- Three Waters Mountain Location within Wyoming Three Waters Mountain Location within the United States

Highest point
- Elevation: 11,685 ft (3,562 m)
- Prominence: 680 ft (210 m)
- Coordinates: 43°23′37″N 109°47′09″W﻿ / ﻿43.39361°N 109.78583°W

Geography
- Location: Sublette County, Wyoming U.S.
- Parent range: Wind River Range
- Topo map: USGS Union Peak

Climbing
- Easiest route: Scramble

= Three Waters Mountain =

Mountain in Wyoming, United States

Three Waters Mountain (11685 ft) is located in the northern Wind River Range in the U.S. state of Wyoming. Three Waters Mountain straddles the Continental Divide and is in both Bridger-Teton and Shoshone National Forests.
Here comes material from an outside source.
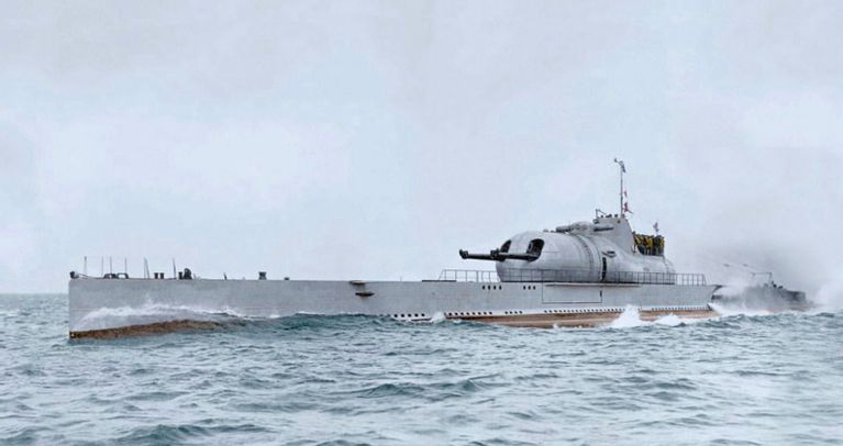 Франция подошла к подводной войне с креативом - конструкция их необычной подводной лодки Surcouf Cruiser заимствована у надводных кораблей. Обтекаемые корпуса производят меньше шума, а впереди боевой рубки стояли две неподвижные 8-дюймовые пушки, которые можно было использовать только для лобовой атаки.

The mountain receives its name from being the triple point between the watersheds of the Colorado, Columbia, and Mississippi Rivers.

==Hazards==

Encountering bears is a concern in the Wind River Range. There are other concerns as well, including bugs, wildfires, adverse snow conditions and nighttime cold temperatures.

Importantly, there have been notable incidents, including accidental deaths, due to falls from steep cliffs (a misstep could be fatal in this class 4/5 terrain) and due to falling rocks, over the years, including 1993, 2007 (involving an experienced NOLS leader), 2015 and 2018. Other incidents include a seriously injured backpacker being airlifted near SquareTop Mountain in 2005, and a fatal hiker incident (from an apparent accidental fall) in 2006 that involved state search and rescue. The U.S. Forest Service does not offer updated aggregated records on the official number of fatalities in the Wind River Range.